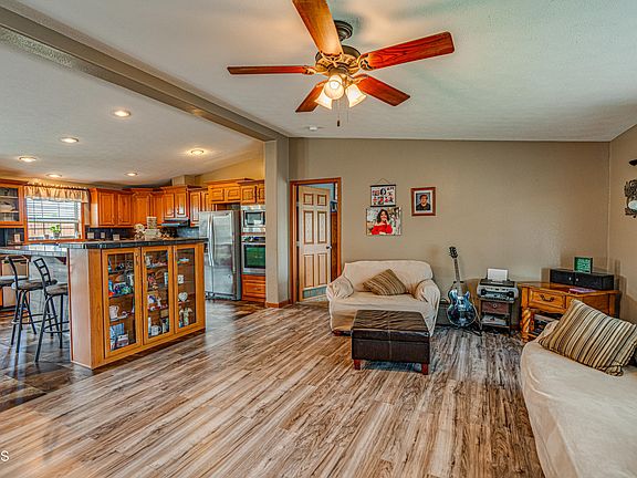 Check out this spacious well-maintained 4 bedroom & 2 bath manufactured home in north Bismarck. This home has a completely open concept. The kitchen is very spacious featuring beautiful cabinetry with lots of pull outs, nice accents and a large island. There are 2 living rooms & a cozy fireplace in the one. The master bedroom includes a large shower, walk-in closet and lots of storage space. The other bedrooms are bright & very spacious. The laundry room is huge & features an adorable bench seat to make it the perfect mud room.
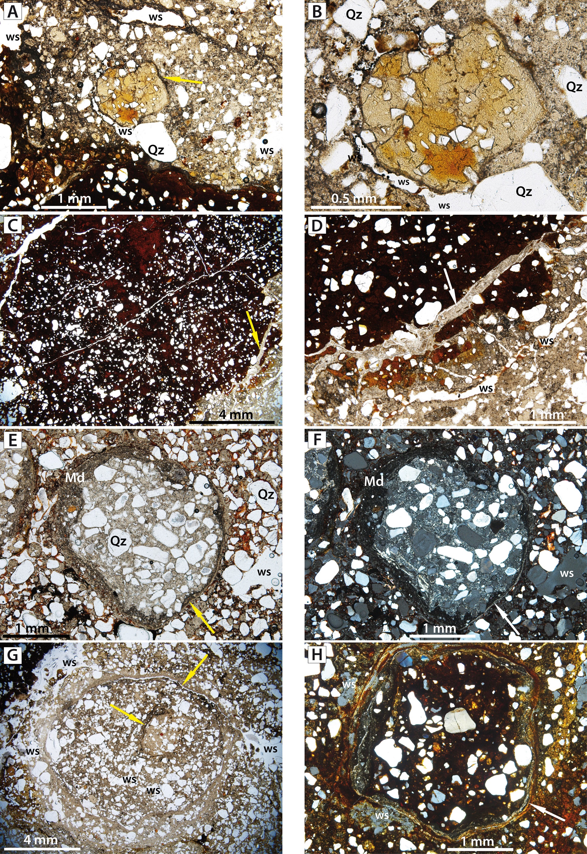 FIG. 7. Petrographic aspects of the Asencio Formation at the Grutas del Palacio borehole (ws: irregular areas without sample due to poor rock consolidation). A-B. Desiccation cracks in a mudstone fragment (arrow in A) embedded in a partially ferruginized, poorly sorted quartz (Qz) arenite, at different magnification scales. Sample B2-L. C-D. Fractures in a partially ferruginized, poorly sorted quartz arenite (white cracks), and fracture infilled by clay minerals (arrow in A). Sample B2-B. D. Detail of the infilled fracture shown in C, which crosses matrix-supported and iron-cemented areas. E-F. Typical appearance of the nodular forms surrounded by massive and laminated mudstones (Md) and infilled by quartz arenite. Arrow points out very fine, elongated clay minerals. Sample AS-3I. G. Complex cm-size nodule infilled by quartz arenite. Arrows point out nearly concentric laminated mudstone rims (note the semicircular fracture in the laminated outer rim). Sample B1-B. H. Ferruginized nodule and host quartz arenite. Arrow points out the laminated mudstone rim, which is also ferruginized. Sample B1-L. All photomicrographs in plane-polarized light, except F and H in crossed polars. See figure 4 for location of the samples in the borehole. |
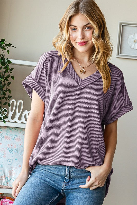 Meagan Loose Fit Knit Top W/ Outseam Overlock
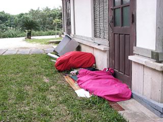 食事の後、おっちゃんに呼ばれ、おっちゃんの小屋の中で、いかんいかんと思いつつ飲んでしまって、寝たのはなんと5時過ぎでした。
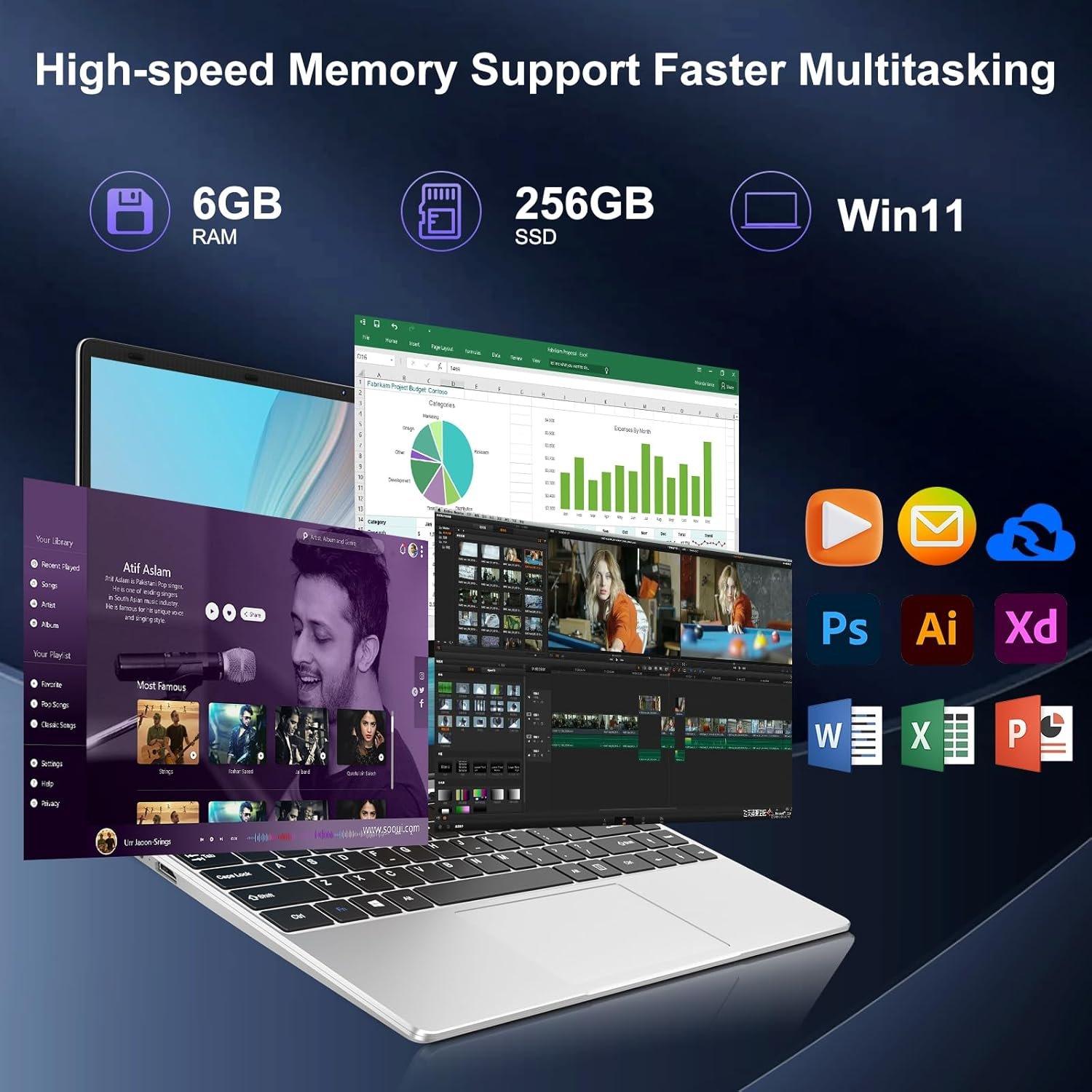 Unbeatable Performance: B5 Laptop Built-in 6GB LPDDR4 and 256GB SSD storage space boosts your performance. With M.2.2280 SATA expansion slot, Support up to 1TB SSD and 512GB Micro SD expansion. A Marvel of Technology for Your Digital Life. Experience seamless multitasking, rapid data access, and stunning visuals

------------

Aim of the task:
Do not include images; quote all of the entries above exactly.

Problem solution:
 Check out this spacious well-maintained 4 bedroom & 2 bath manufactured home in north Bismarck. This home has a completely open concept. The kitchen is very spacious featuring beautiful cabinetry with lots of pull outs, nice accents and a large island. There are 2 living rooms & a cozy fireplace in the one. The master bedroom includes a large shower, walk-in closet and lots of storage space. The other bedrooms are bright & very spacious. The laundry room is huge & features an adorable bench seat to make it the perfect mud room.
 FIG. 7. Petrographic aspects of the Asencio Formation at the Grutas del Palacio borehole (ws: irregular areas without sample due to poor rock consolidation). A-B. Desiccation cracks in a mudstone fragment (arrow in A) embedded in a partially ferruginized, poorly sorted quartz (Qz) arenite, at different magnification scales. Sample B2-L. C-D. Fractures in a partially ferruginized, poorly sorted quartz arenite (white cracks), and fracture infilled by clay minerals (arrow in A). Sample B2-B. D. Detail of the infilled fracture shown in C, which crosses matrix-supported and iron-cemented areas. E-F. Typical appearance of the nodular forms surrounded by massive and laminated mudstones (Md) and infilled by quartz arenite. Arrow points out very fine, elongated clay minerals. Sample AS-3I. G. Complex cm-size nodule infilled by quartz arenite. Arrows point out nearly concentric laminated mudstone rims (note the semicircular fracture in the laminated outer rim). Sample B1-B. H. Ferruginized nodule and host quartz arenite. Arrow points out the laminated mudstone rim, which is also ferruginized. Sample B1-L. All photomicrographs in plane-polarized light, except F and H in crossed polars. See figure 4 for location of the samples in the borehole. |
 Meagan Loose Fit Knit Top W/ Outseam Overlock
 食事の後、おっちゃんに呼ばれ、おっちゃんの小屋の中で、いかんいかんと思いつつ飲んでしまって、寝たのはなんと5時過ぎでした。
 Unbeatable Performance: B5 Laptop Built-in 6GB LPDDR4 and 256GB SSD storage space boosts your performance. With M.2.2280 SATA expansion slot, Support up to 1TB SSD and 512GB Micro SD expansion. A Marvel of Technology for Your Digital Life. Experience seamless multitasking, rapid data access, and stunning visuals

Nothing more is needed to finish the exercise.